Outside the lamps were lit and tramcars clanged and sparkled. A cryptic drama seemed unfolding throughout the city. An old woman and man argued quietly at a street corner watched by two little girls keeking round the corner of a lighted fruit shop. In a firelit room, seen through a ground-floor window, a man stood with a towel round his neck, shaving perhaps. Near the school they stepped into a room full of smoke, noise and people. Drummond forced a way to the bar and Thaw slid after him between backs and shoulders. Drummond handed him a large whisky and told him to knock it back in one. A blonde and a brunette leaned smiling toward Thaw and the blonde said, “Does your mother know you’re here?”

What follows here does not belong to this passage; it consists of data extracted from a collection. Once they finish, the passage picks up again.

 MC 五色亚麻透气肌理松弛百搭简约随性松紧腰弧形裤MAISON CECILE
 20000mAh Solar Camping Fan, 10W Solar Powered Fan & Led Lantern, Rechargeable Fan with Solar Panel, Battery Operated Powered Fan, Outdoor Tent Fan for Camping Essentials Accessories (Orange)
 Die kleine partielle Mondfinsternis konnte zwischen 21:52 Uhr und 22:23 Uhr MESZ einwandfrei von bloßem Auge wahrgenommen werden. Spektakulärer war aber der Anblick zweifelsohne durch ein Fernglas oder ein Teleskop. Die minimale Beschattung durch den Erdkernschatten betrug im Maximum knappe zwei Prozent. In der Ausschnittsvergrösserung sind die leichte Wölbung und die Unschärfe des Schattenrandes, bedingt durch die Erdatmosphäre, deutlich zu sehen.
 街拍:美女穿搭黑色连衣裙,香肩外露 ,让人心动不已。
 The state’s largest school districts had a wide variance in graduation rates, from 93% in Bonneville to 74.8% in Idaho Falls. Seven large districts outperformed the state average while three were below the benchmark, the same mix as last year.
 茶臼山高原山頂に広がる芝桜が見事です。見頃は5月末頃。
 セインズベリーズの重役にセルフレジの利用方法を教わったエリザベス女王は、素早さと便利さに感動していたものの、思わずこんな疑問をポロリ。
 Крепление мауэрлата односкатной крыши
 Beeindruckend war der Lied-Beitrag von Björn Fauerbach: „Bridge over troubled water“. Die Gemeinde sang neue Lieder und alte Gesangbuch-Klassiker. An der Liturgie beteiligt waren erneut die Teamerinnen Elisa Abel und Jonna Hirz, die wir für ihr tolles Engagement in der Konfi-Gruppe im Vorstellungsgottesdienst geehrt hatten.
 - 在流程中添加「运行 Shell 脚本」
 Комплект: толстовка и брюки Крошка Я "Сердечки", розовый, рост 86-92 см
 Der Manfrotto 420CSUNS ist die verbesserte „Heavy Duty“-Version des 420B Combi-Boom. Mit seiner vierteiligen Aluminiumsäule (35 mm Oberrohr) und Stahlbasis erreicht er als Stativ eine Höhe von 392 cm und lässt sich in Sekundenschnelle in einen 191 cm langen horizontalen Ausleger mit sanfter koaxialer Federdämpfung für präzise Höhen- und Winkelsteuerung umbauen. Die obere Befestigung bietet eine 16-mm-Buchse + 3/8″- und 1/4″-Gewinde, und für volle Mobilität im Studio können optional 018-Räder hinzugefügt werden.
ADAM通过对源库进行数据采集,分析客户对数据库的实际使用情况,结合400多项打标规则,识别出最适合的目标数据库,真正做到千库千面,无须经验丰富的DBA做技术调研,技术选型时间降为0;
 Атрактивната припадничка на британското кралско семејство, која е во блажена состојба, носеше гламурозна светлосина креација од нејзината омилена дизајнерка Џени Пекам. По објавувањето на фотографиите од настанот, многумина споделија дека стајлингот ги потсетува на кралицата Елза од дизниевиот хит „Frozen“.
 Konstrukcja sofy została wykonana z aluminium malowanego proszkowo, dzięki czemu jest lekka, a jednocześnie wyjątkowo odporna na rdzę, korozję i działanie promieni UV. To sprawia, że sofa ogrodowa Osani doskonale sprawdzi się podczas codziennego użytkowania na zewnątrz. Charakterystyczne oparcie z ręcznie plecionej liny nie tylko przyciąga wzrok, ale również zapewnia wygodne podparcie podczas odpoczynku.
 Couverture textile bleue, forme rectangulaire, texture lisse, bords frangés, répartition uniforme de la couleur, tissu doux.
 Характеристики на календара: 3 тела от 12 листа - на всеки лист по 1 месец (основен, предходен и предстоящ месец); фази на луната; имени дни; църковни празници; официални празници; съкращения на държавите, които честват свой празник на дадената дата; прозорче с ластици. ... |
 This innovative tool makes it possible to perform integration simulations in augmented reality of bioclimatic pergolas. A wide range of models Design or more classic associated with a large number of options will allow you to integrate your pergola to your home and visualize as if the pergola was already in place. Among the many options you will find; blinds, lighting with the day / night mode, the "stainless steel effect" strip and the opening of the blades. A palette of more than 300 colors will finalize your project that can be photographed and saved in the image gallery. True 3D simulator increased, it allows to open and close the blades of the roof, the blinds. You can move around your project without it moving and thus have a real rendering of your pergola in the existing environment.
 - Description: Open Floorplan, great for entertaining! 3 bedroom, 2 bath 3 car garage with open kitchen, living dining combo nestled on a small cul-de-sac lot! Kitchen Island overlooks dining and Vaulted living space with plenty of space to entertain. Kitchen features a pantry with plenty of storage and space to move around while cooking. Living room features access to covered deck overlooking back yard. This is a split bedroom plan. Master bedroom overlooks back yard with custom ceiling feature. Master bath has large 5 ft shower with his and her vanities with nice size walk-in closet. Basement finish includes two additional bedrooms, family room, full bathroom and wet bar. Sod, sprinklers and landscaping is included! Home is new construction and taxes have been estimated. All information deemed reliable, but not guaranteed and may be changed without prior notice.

He said, “Mibby. She’s dead,” and turned away, pleased by his harshness. Drummond bought two cigars. They lit them, went out and marched up Sauchiehall Street issuing smoke like chimneys. Thaw was surprised to find the stares of the bypassers amusing. He began laughing violently but coughed violently instead.

“For God’s sake don’t inhale, Duncan!” said Drummond, slapping his back.

“There’s prestige in looking ridiculous with you, Aitken.”

The door of the annexe was thronged with people trying to buy tickets or bribe an entrance from the doorkeepers. Drummond and Thaw mounted the steps side by side, Drummond cleaving a path with his great axe-blade-edged nose, Thaw opening one with the pallid inclined carapace of his brow. Officials in exotic costumes shouted “It’s the Drummond!” “It’s the Thaw!” and cheerily ushered them in. The janitor gripped Thaw’s sleeve, drew him aside and indicated Drummond, saying, “Beware of that lad. When drunk he’s fit company for neither man nor brute.”

The triumph of arrival faded. He sat at the edge of the dance hall grinning unhappily at the revolving carnival of couples brushing past his knees, his eyes sucking visions of thighs and hips, fluttering breasts, throats and glances. Molly Tierney, dressed like an oriental dancing girl, spun gleefully in the arms of a white-robed Arab who was McAlpin and saluted Thaw with a raised forefinger. Suddenly two girls said “Hullo!” and sat on each side of him. “Don’t you recognize us?” asked the smaller girl on the left.